I once was sent over to the college by my English teacher to pick up a tape recorder, and was making as long a trip out of it as I could, when I passed a class and saw Harold in the back row, looking down at his desk in silent rage, not as if baffled but as if understanding too much, and personally offended. But this was less noticeable than what he wore. I had simply caught him out of his house in the act of being Harold, gritting his teeth, twirling his pencil, hissing. He had on an old-fashioned ribbed undershirt, some floppy gray-green pants, and some sort of executive shoes, I think banker’s wingtips, with white tube workman’s socks. His hair curled out everywhere from his pale skin. At this college they were stern on dress code. But they left Harold alone, I saw. He did look piercing and untouchable, his Korean near-veteranship a class of its own. They did love the Christian soldier, which he was not, but he had absolute freedom nonetheless as a lance corporal of Section 8. I was very happy for him. He had real dignity in his undershirt of the kind big-city Italians and serious white trash wore. The best thing was that he was unconscious of being out of line at all. It was hard to imagine Harold charging in the vanguard, or even hiding in a frozen hole, against the Communists in Korea, with his ascetic thinness, his hairy arms and chest, thrown against some garlicky horde and their bugles. Harold was not a coward, I’m sure, but I saw another thing suddenly about him, this partisan of Wilde and Errol Flynn: Harold was maybe doomed to no scandal of his own at all. He was too open, too egregious (a word I assure you I didn’t know then) to have one, especially there in his undershirt in the fifties. But he wanted one so badly, and one for all his friends like me.
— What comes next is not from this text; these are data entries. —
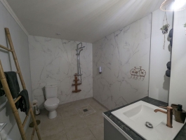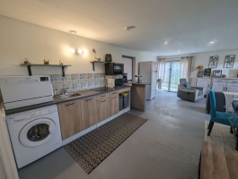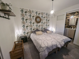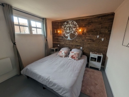 Il se compose d'une grande pièce à vivre donnant accès sur une chambre avec un lit de 160 et sur une salle d'eau avec toilettes. La seconde chambre se situe dans l'entrée, avec deux lits de 80 pouvant se rapprocher pour ne former plus qu'un lit de 160. Une salle d'eau est également présente dans la chambre avec un toilette.Vous pourrez garer votre voiture sous le hangar se situant à côté du gîte.Le logement est de plain pied et la salle de bain à un accès PMR.
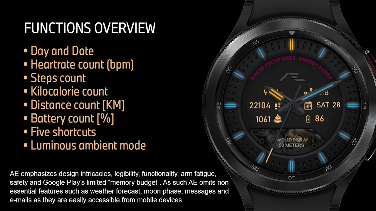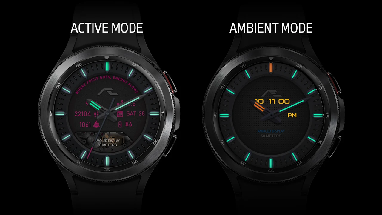 這是 Wear OS 錶盤應用程式 (app),由三星提供支援的 Watch Face Studio 建置。在 Samsung Watch 4 Classic 上進行測試,所有特性和功能均如預期運作。這可能不適用於其他 Wear OS 手錶。
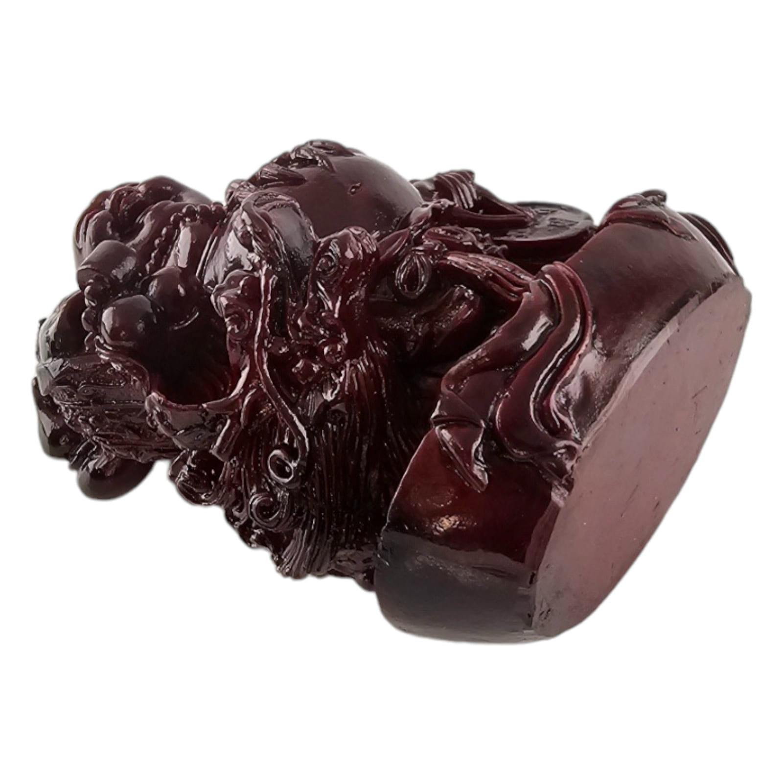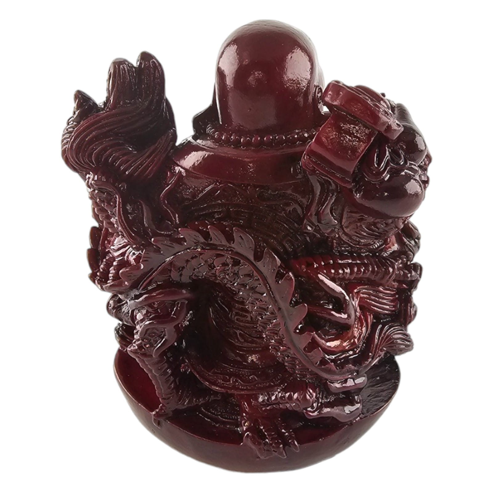 Статуэтка Хотей украшена символическими элементами, такими как монеты, которые символизируют финансовое благополучие, китайский дракон, признак силы и власти, а также тыква-горлянка, символизирующая плодородие и изобилие.
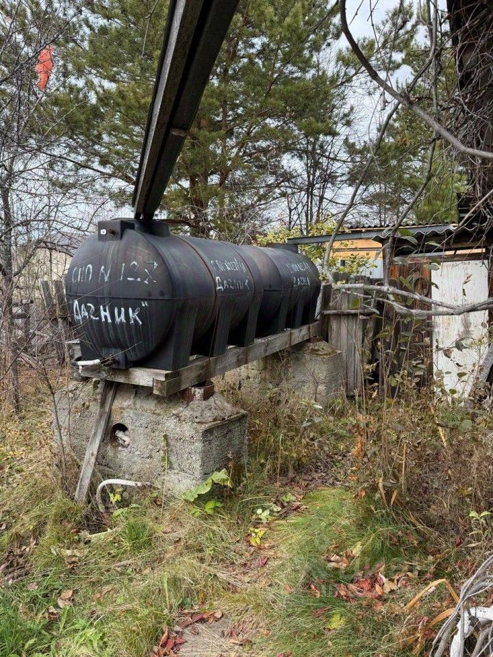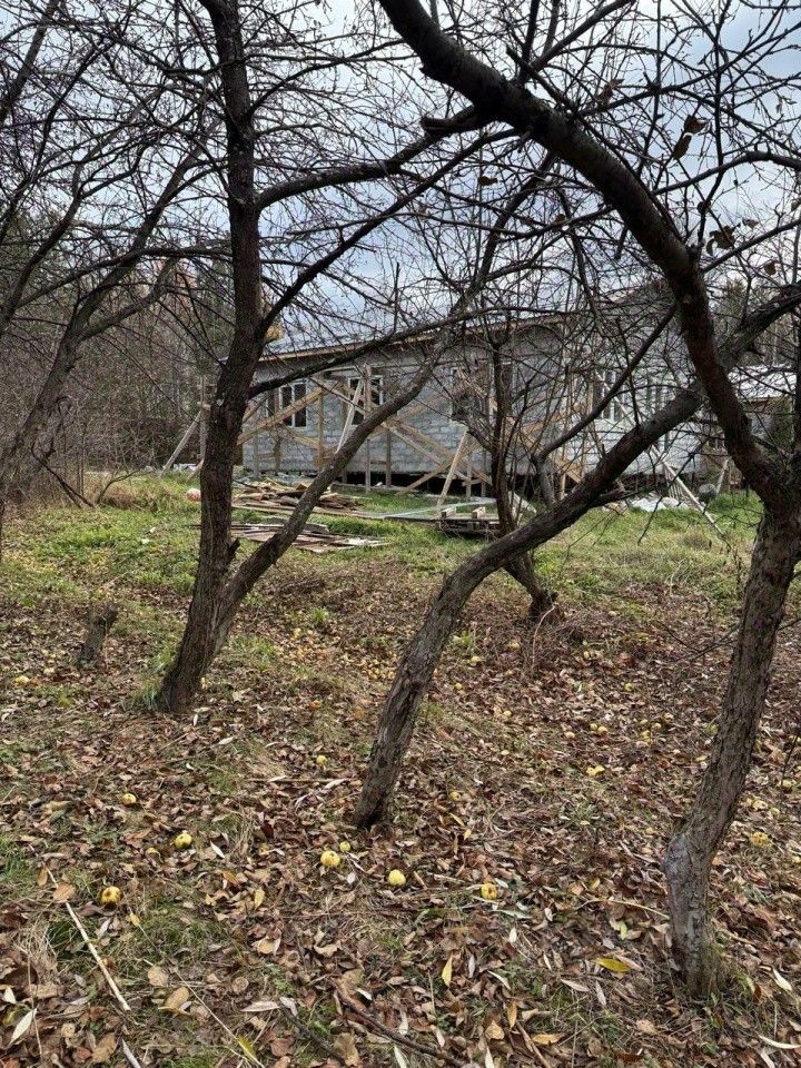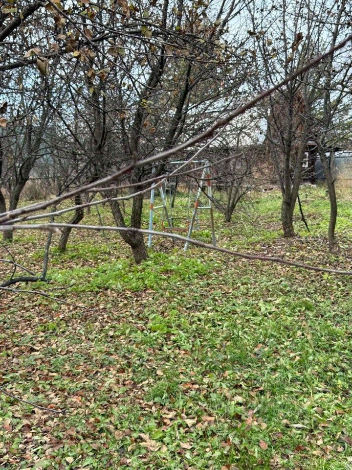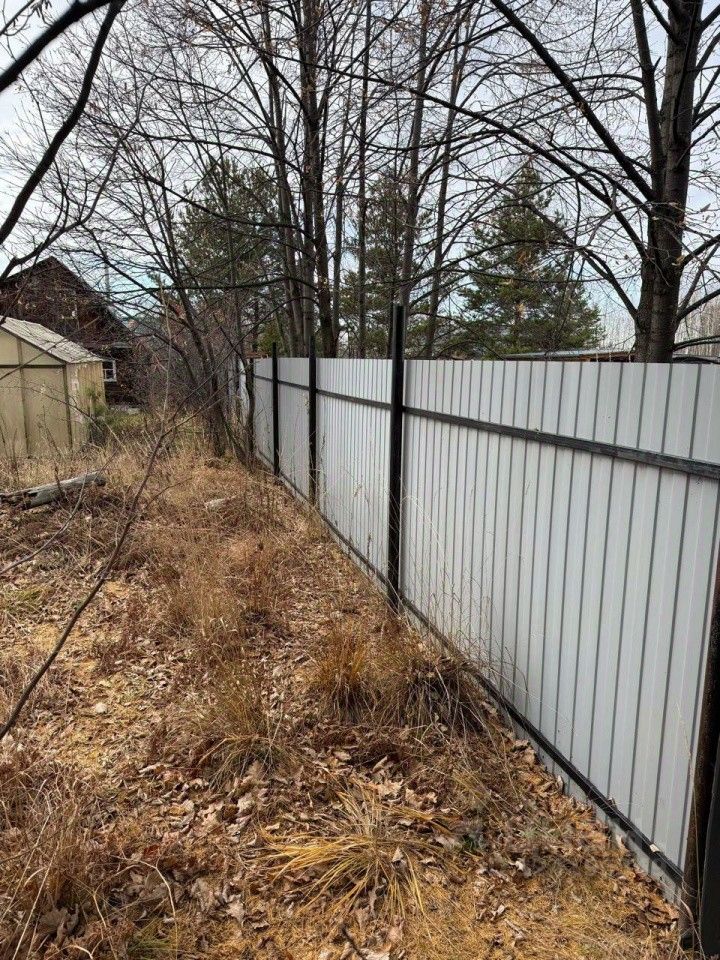 С трех сторон столбы для забора ( с одной стороны забор), емкости пластиковые накопительные для воды, плодово-ягодные деревья и кусты (яблони, груди, слива, вишня, малина, смородина, крыжовник, черноплодка и прочее
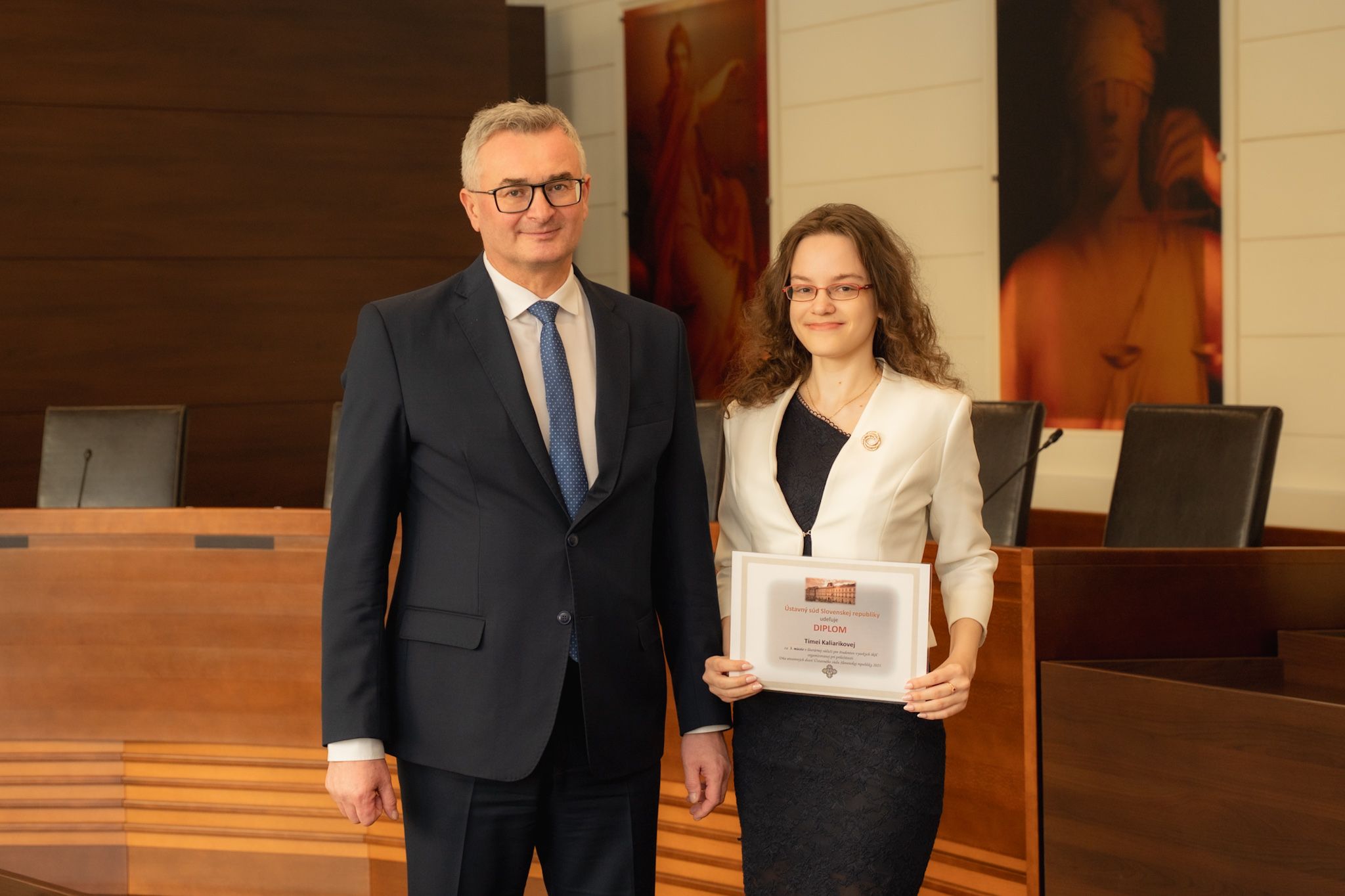 Kancelária Ústavného súdu Slovenskej republiky organizovala pri príležitosti Dňa otvorených dverí Ústavného súdu Slovenskej republiky esejistickú súťaž pre študentov vysokých škôl, tohto roku na tému „Strážcovia právneho štátu – Kto a ako stráži právny štát?“. Výhercov súťaže prijal a ocenil predseda Ústavného súdu Slovenskej republiky, JUDr. Ivan Fiačan, PhD.. Prijatie sa uskutočnilo dňa 6. novembra 2025 v priestoroch ústavného súdu. Tešíme sa z úspechu študentky tretieho ročníka bakalárskeho stupňa štúdia, Tímei Kaliarikovej, ktorá sa umiestnila na treťom mieste.
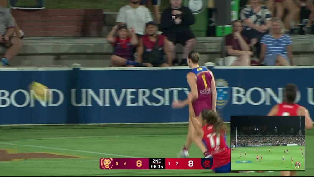 Melbourne’s desperation was exemplified by a wonderful effort from Tahlia Gillard midway through the quarter when she chased Eleanor Hartill from behind, putting enough pressure on the Lion for her to spray her 15m kick when a near certain goal beckoned.
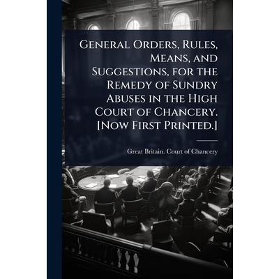 General Orders, Rules, Means, and Suggestions, for the Remedy of Sundry Abuses in the High Court of Chancery. [Now First Printed.]
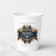 Tazas de papel elegantes con Caduceo, para el graduado de estudiante de medicina. Hermoso estandarte en azul marino con marco de filigrana dorada. Fondo blanco que se puede cambiar a cualquier color que desees. Agrega tu nombre, universidad y año de graduación.
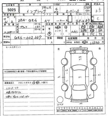 Subaru IMPREZA Лот 5025, торги от 10.03.2026
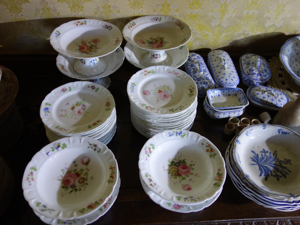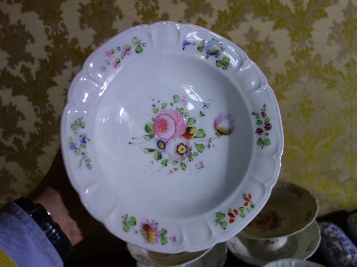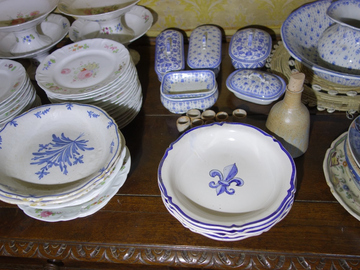 Réunion de VAISSELLE en céramique, notamment: service à dessert en porcelaine peinte de bouquets de fleurs avec assiettes et coupes sur talon, service de nuit en faïence bleue et blanche, cinq assiettes fleurdelisées..
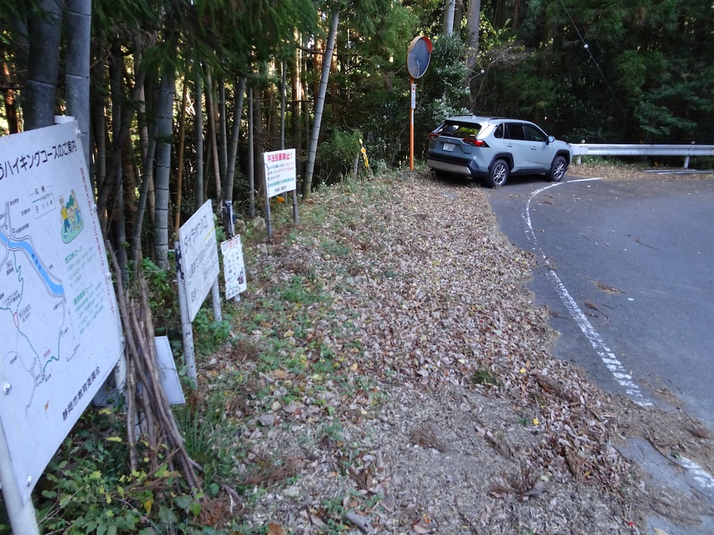 入口の路肩に3台、林道の西又側にも数台停められる場所が2〜3個所ある。
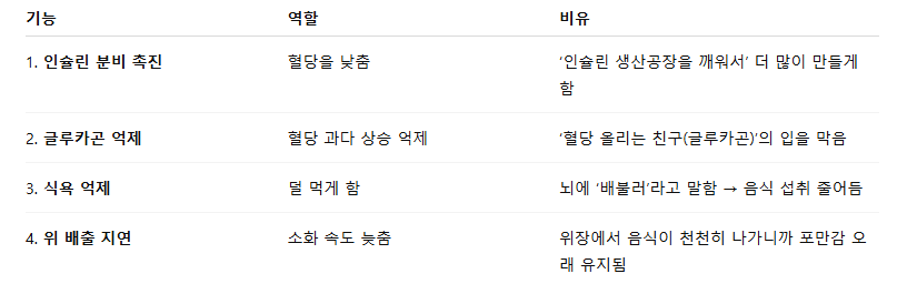 - 식욕 억제 + 혈당 조절 + 인슐린 민감도 향상
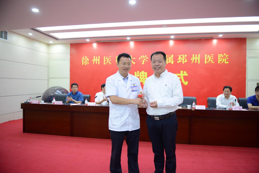 吴宪主任对徐州医科大学附属邳州医院揭牌表示祝贺,指出徐医大为邳州市人民医院输送了大批优秀医学人才,并在学科建设、人才培养等方面给予了大力支持与帮助,希望医院在徐医大的帮助下,尽快建成医术精湛、服务一流的三甲医院,满足邳州及周边地区人民对健康的需求。
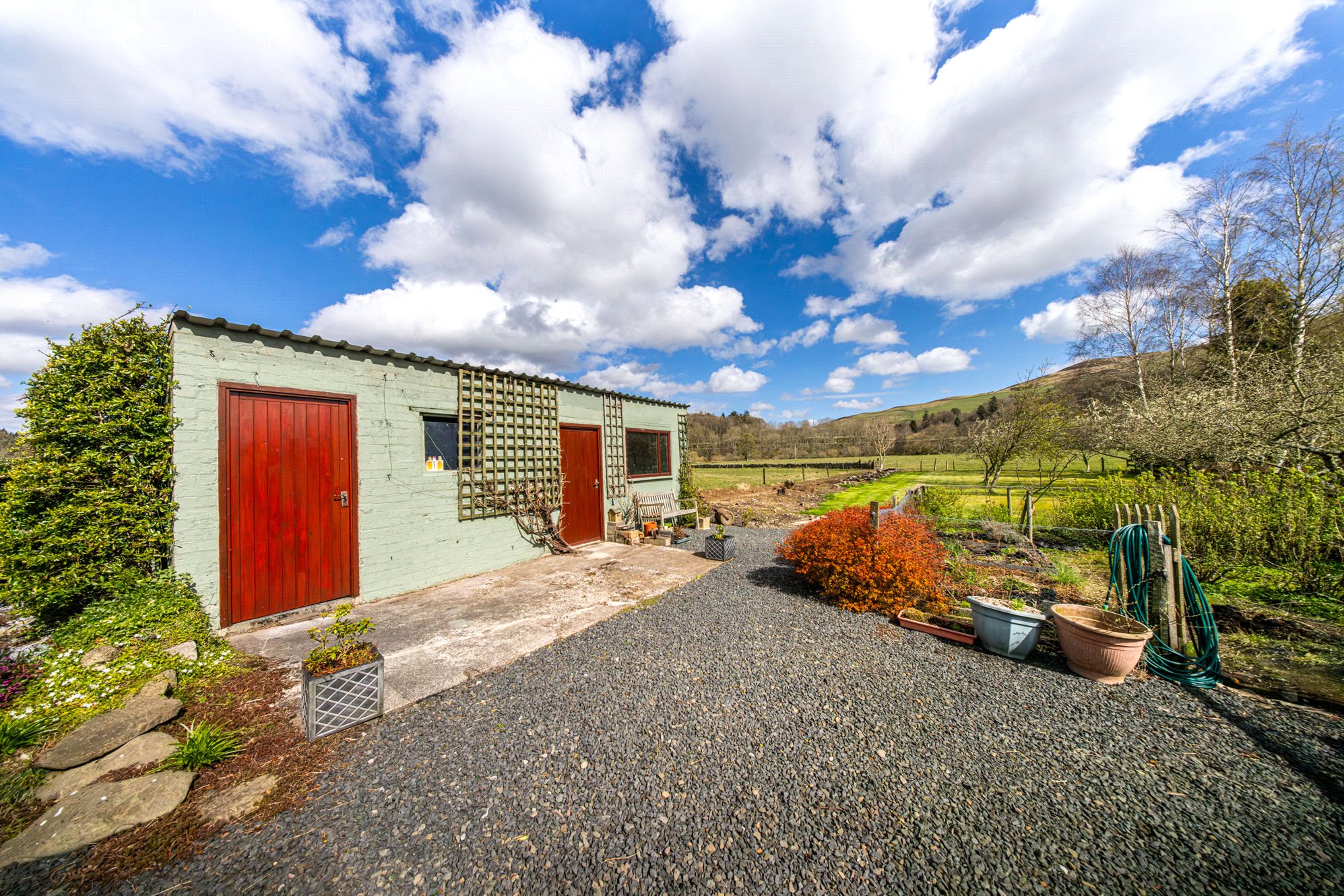 The property is accessed from the B710 by means of a drove road track which is well maintained, coming over the brow of the hill you are struck by the surrounding green space and fine views of the Bowland Valley – the unique position of the property allows complete privacy whilst being quickly and easily connected to nearby Galashiels with its array of local amenities, schooling and shops. There are train stations at both Stow & Galashiels offering a twice hourly service to Edinburgh Waverley Station.
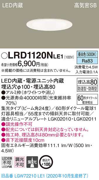 【法人様限定】パナソニック LRD1120NLE1 LED屋外用ダウンライト 埋込穴φ100 昼白色 浅型8H・高気密SB形・集光
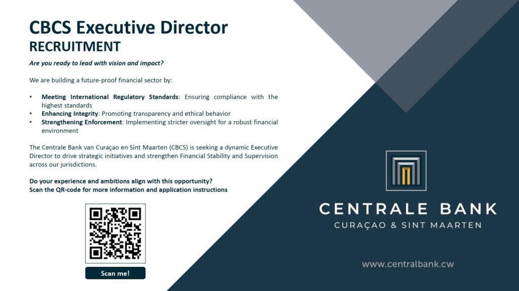 The Centrale Bank van Curaçao & Sint Maarten (CBCS) is recruiting an Executive Director to lead strategic initiatives and strengthen financial stability and supervision across its jurisdictions, with a focus on regulatory standards, integrity, and enforcement.
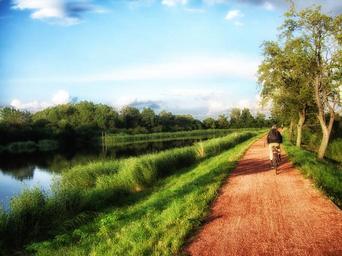 Keywords: trail path lane park sky clouds nature outside river stream water summer spring hdr
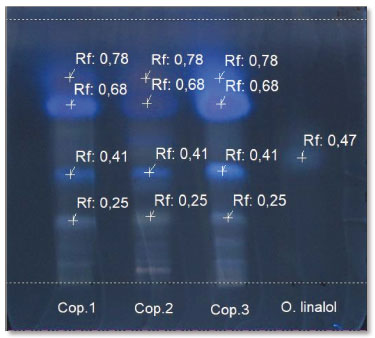 ![]() Figura 3. Caracterização química do β-cariofileno (Rf = 0,78), óxido de cariofileno (Rf = 0,68), ácido copálico (Rf = 0,41) e acetoxi-copálico (Rf = 0,25) nos óleos de C. multijuga, através do Fator de retenção relativo (RfR) ao óxido de linalol (100 µg mL-1)
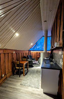 A queen-size double bed is perfectly placed under the windows, offering beautiful views of the sky. Designed for two, this cozy cabin provides a peaceful getaway
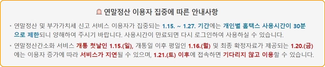 평소 홈택스를 사용하셨던 분들이시라면 홈택스 사이트 사용이 평소와 다르게 버벅거림을 느끼실 수 있을 것입니다. 단기간 안에 연말정산 간소화 서비스를 이용하기 위해서 몰리다 보니 그런 부분이니 넓은 마음을 가지고 진행하시면 좋을 거 같습니다. 또한 연말정산 간소화 신고 집중 기간인 23.01.15~23.01.27 까지는 PC 별 사용시간을 30분으로 제한되어 사용 가능합니다. 물론 30분을 사용하셨다고 하셔서 다시 홈택스를 접속 못하는 건 아니고 다시 로그인하시고 접속하셔서 사용하시면 됩니다.
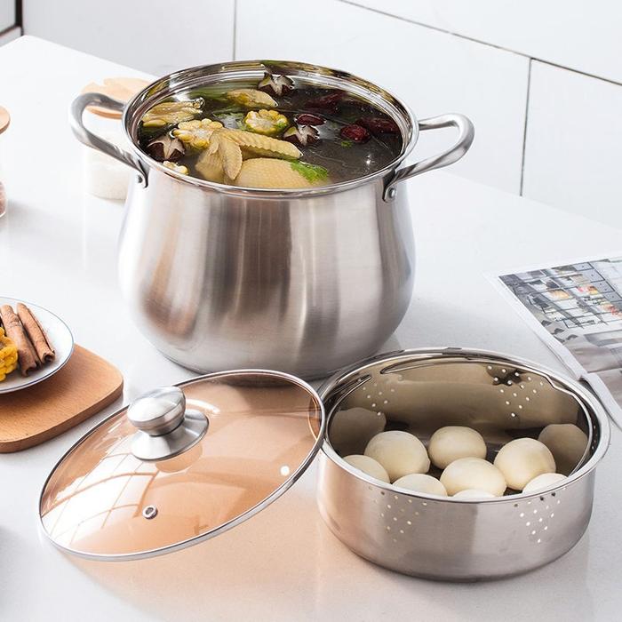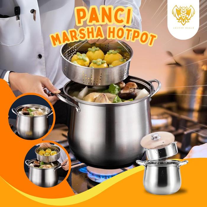 yellowEN EAGLE - Panci Steamer Aladin 22 CM Panci Kukus High Pot Stainless Premium Tebal + Kukusan Gagang - 22 CM
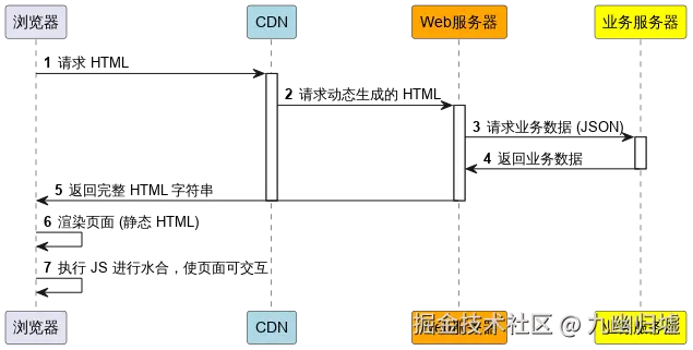 在 SSR 模式中,Web 服务器预先生成完整的 HTML 字符串,并将页面的初始状态返回给浏览器。浏览器加载完 JS 后,会对页面进行水合(hydration),使其变为可交互状态。

He fed wistfully on the few scraps thrown his way in our dull society.

When the symphony director and several doctors and lawyers were tracked down and filmed by city police in the old city auditorium — usually a venue for wrestling — preening in women’s underwear and swapping spit, Harold howled “Impeccable!” He hoped, he wanted so, for them all to be driven to the city limits sign and hurled out in shame down a notch of high weeds, their red panties up between their white buttocks. An M.D. was exposed in a zealous ring of coprophiliacs, sharing photographs at parties centering on soiled diapers. “There is a god! God is red!” In Harold’s senior year, here came a lawyer exposed for teen pornography, hauling girls over state lines. Again Harold trembled, but there was always a bit of sadness that he himself was not cut down and hauled off — he loved most the phrase “spirited away”—for some dreadful irredeemable disclosure.

Harold never worried himself about the life after scandal. He indicated that he was, in fact, carrying on lugubriously after a lurid bomb in his past (not the bomb, but a bomb), but I think he was playing me false, for the first time. He wanted it so much, and lived from one minor scandal to the next, but as I say, I never expected him to be blindsided by disclosure after I saw him that day when I was seventeen. I got the sudden sense of Harold as finished, even though he was shy of thirty, too transparent and happy in his sins. He would never get the scandale d’estime he so wanted. I had even thought that Harold wanted badly to be gay — queer, we said then — but could not bring it off. He was a theater queer around me sometimes, but you knew he couldn’t cross over the line, it wasn’t made for him, or he for it.